Zujie Liang, Feng Wei, Yin Jie, Yuxi Qian, Zhenghong Hao, Bing Han


Abstract
Thanks to the recent success of Pre-trained Language Models (PLMs), it has become a promising research direction to develop a universal model (UIE) that can solve all typical information extraction tasks within one generative framework. Nonetheless, in real-world scenarios of UIE applications, new data of different IE tasks and domains usually come in a stream over time. A desirable UIE system should be capable of continually learning new tasks without forgetting old ones, thereby allowing knowledge and functionalities expansion without re-training the whole system.
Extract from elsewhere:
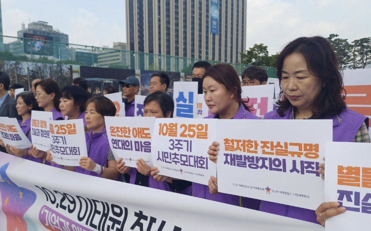 10·29 이태원 참사 유가족협의회와 시민대책회의는 1일 오전 서울 광화문광장에서 기자회견을 열고 "3주기를 한 달여 앞둔 지금 우리는 아직까지도 왜 10·29 이태원 참사가 발생했는지, 무엇이 문제였는지 아직까지 밝혀내지 못했다"고 밝혔다.

In this paper, we study the UIE system under a more challenging yet practical scenario, i.e., “lifelong learning” settings, to evaluate its abilities in three aspects, including knowledge sharing and expansion, catastrophic forgetting prevention, and rapid generalization on few-shot and unseen tasks. To achieve these three goals, we present a novel parameter- and deployment-efficient prompt tuning method namely Lottery Prompt Tuning (LPT).LPT freezes the PLM’s parameters and sequentially learns compact pruned prompt vectors for each task leveraging a binary prompt mask, while keeping the prompt parameters selected by the previous tasks insusceptible. Furthermore, we use a simple yet effective method to perform mask selection and show the powerful transferability of Lottery Prompts to novel tasks. Extensive experiments demonstrate that LPT consistently sets state-of-the-art performance on multiple lifelong learning settings of UIE, including task-incremental setting on seen tasks, few-shot adaptation, and zero-shot generalization on novel tasks.
Anthology ID:
2023.acl-long.16
Volume:
Proceedings of the 61st Annual Meeting of the Association for Computational Linguistics (Volume 1: Long Papers)
Month:
July
Year:
2023
Address:
Toronto, Canada
Editors:
Anna Rogers, Jordan Boyd-Graber, Naoaki Okazaki
Venue:
ACL
SIG:
Publisher:
Association for Computational Linguistics
Note:
Pages:
277–292
Language:
URL:
https://aclanthology.org/2023.acl-long.16
DOI:
10.18653/v1/2023.acl-long.16
Bibkey:
Cite (ACL):
Zujie Liang, Feng Wei, Yin Jie, Yuxi Qian, Zhenghong Hao, and Bing Han. 2023. Prompts Can Play Lottery Tickets Well: Achieving Lifelong Information Extraction via Lottery Prompt Tuning. In Proceedings of the 61st Annual Meeting of the Association for Computational Linguistics (Volume 1: Long Papers), pages 277–292, Toronto, Canada. Association for Computational Linguistics.
Cite (Informal):
Prompts Can Play Lottery Tickets Well: Achieving Lifelong Information Extraction via Lottery Prompt Tuning (Liang et al., ACL 2023)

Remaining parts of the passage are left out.